The task calls for the lines below from the line with "Meditation class at the Interfaith Center" to the line with "Figure 2. Clogged well screen.", both ends included, copied exactly, without any pictures.

---------- Data listing

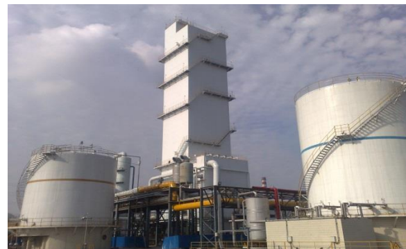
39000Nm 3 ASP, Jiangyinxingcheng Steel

--------------------
---------- Data listing

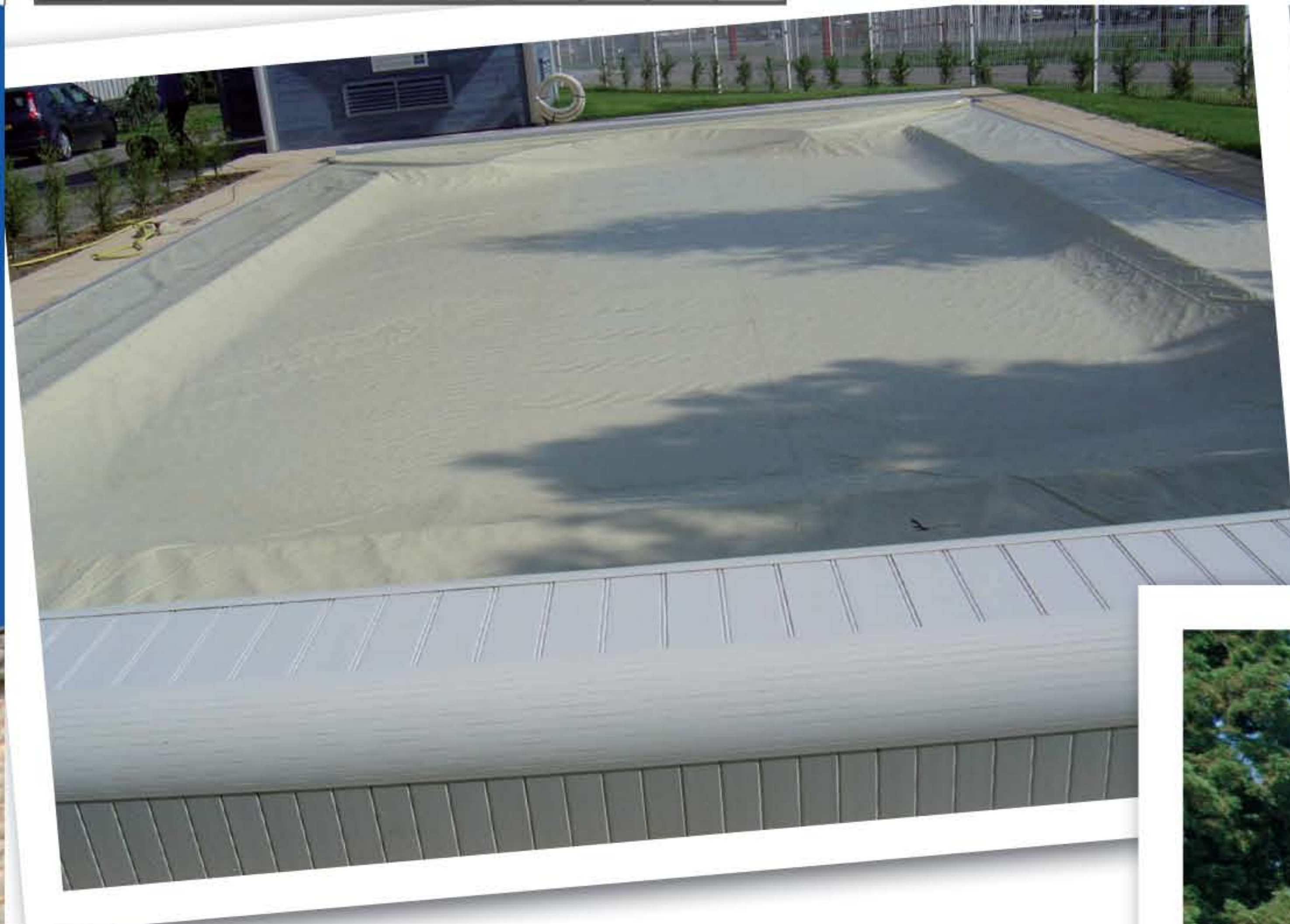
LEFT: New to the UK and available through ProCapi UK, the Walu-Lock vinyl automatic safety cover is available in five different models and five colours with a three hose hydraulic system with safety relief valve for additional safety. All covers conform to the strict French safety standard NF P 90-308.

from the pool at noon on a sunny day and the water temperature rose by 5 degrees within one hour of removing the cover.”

--------------------
---------- Data listing

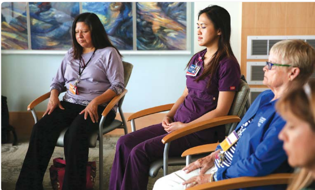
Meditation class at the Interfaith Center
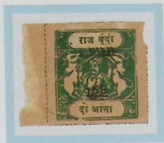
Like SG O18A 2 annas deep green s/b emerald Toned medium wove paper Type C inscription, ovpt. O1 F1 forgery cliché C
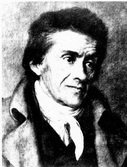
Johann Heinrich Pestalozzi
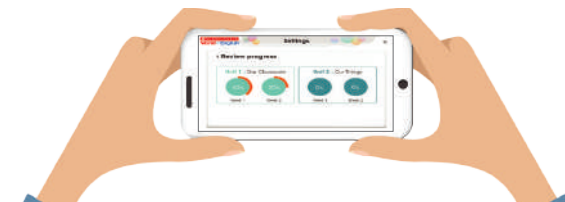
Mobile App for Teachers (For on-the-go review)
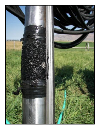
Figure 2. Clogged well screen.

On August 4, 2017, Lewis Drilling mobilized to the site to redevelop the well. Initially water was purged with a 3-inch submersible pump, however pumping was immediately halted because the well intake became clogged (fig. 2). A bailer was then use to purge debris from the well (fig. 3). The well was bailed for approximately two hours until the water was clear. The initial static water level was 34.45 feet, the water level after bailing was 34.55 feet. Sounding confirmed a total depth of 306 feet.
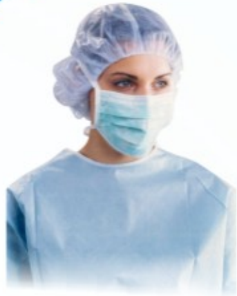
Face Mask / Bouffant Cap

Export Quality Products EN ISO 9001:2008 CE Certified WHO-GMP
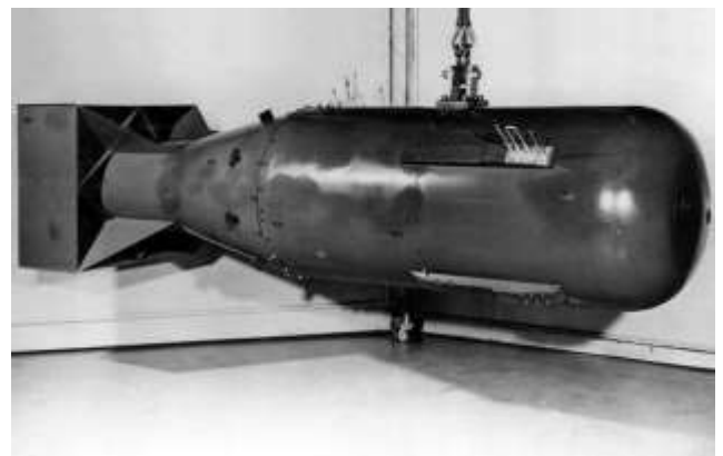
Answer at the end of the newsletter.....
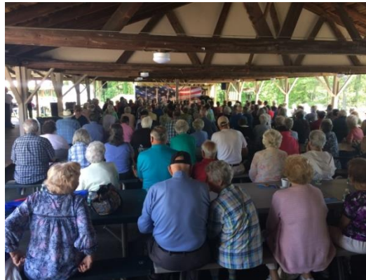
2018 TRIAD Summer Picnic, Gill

--------------------

[Response box]:
Meditation class at the Interfaith Center
Like SG O18A 2 annas deep green s/b emerald Toned medium wove paper Type C inscription, ovpt. O1 F1 forgery cliché C
Johann Heinrich Pestalozzi
Mobile App for Teachers (For on-the-go review)
Figure 2. Clogged well screen.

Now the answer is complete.